We didn't even need to tackle Boofer. Instead of picking the ball up, Boofer turned to jelly. Sooked off completely. He dropped to his knees and covered his head with his arms like a scared rabbit. And then, as the whistle went for the end of the game, Boofer lifted his head to see the rest of us standing in a circle, smiling and laughing, ‘Wimp, wimp!'

‘I hope you do keep bullying us,' I said to Boofer as we turned to walk away, ‘because it will always remind me of the funniest thing I have ever seen in my life. And,' I added, as I took out the camera I just happened to have in my pocket, ‘this will make a great photo for the end-of-year school magazine.'

Boofer stayed out on the ground for a very long time, refusing to get changed until we had all left. Everyone, that is, except Meat-Head Morgan. Poor Meat-Head had slipped in the change rooms after the game and torn the nail off his big toe. Life can be so unfair, can't it?

Jane Bransgrove couldn't understand it. ‘Why do some people have so much and others hardly have anything?
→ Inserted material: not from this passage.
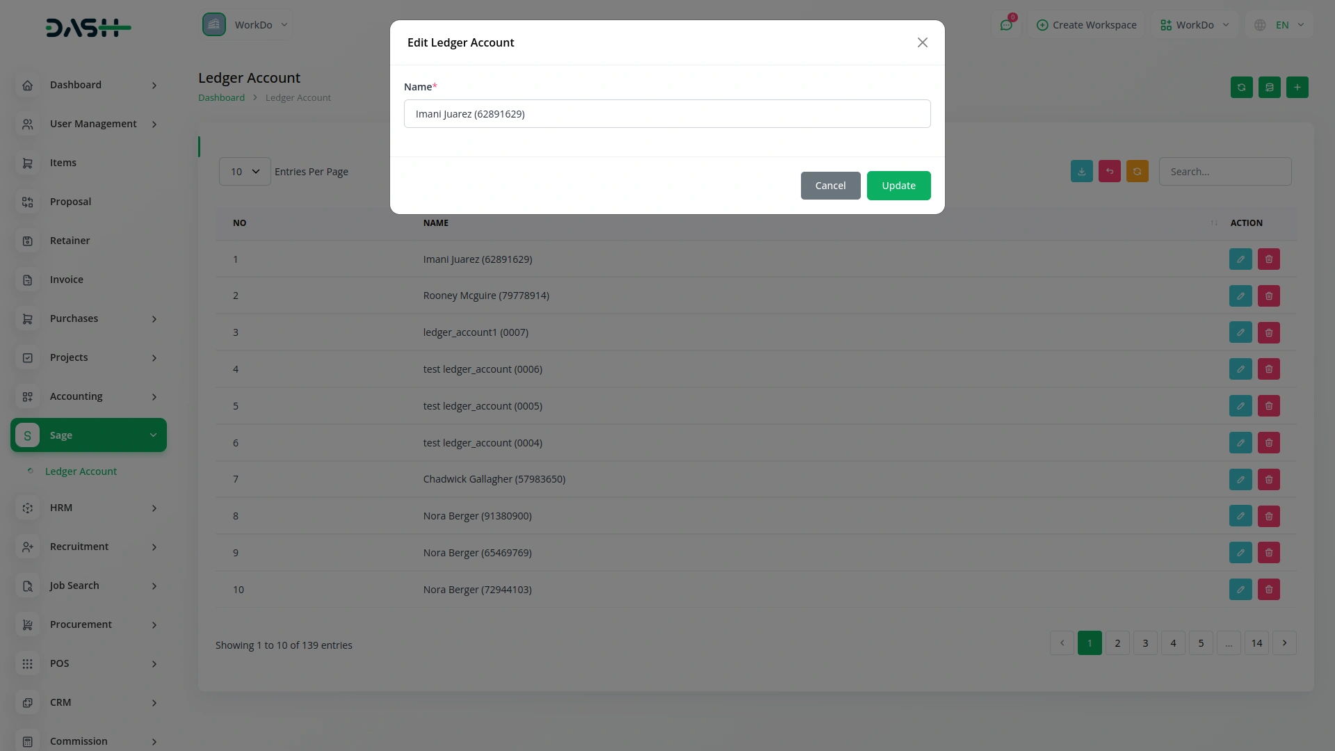 Once your credentials are successfully added and saved, the Sage Page becomes active and displays a complete list of all ledger accounts you’ve created in your Sage account. This page provides a clear and organized view of your financial structure, making it easier to manage accounts. You also have the option to create new ledger accounts directly from the platform. Just click on the “Create” button, enter the name of the new account, and it will be added to both the platform and your Sage account in real-time.

That fat, ugly Lucille Hardy's got a horse, a tennis court, a bike – everything! Yet poor little Emma White has holes in her jumper, holes in her shoes and holes in her lunchbox where some food should be.'

Emma lived in a caravan park with her mum and four brothers and sisters. She hadn't seen her dad for years. He used to write to her sometimes, but even that stopped. ‘He's just really busy,' Emma told Jane.

Jane played with Emma most nights at the caravan park. And there was never anything to eat. Nothing. Girls get hungry after school, but poor Emma's mum never seemed to have any money, even for food. So Emma always looked thin and pale and sad. And Jane was tired of feeling bad about it.

One night, Jane lay in bed thinking. What could she do to help? Maybe she could sell some of her toys and give the money to Emma's mum. But who'd want a doll's house the dog sleeps in, or old Britney Spears posters?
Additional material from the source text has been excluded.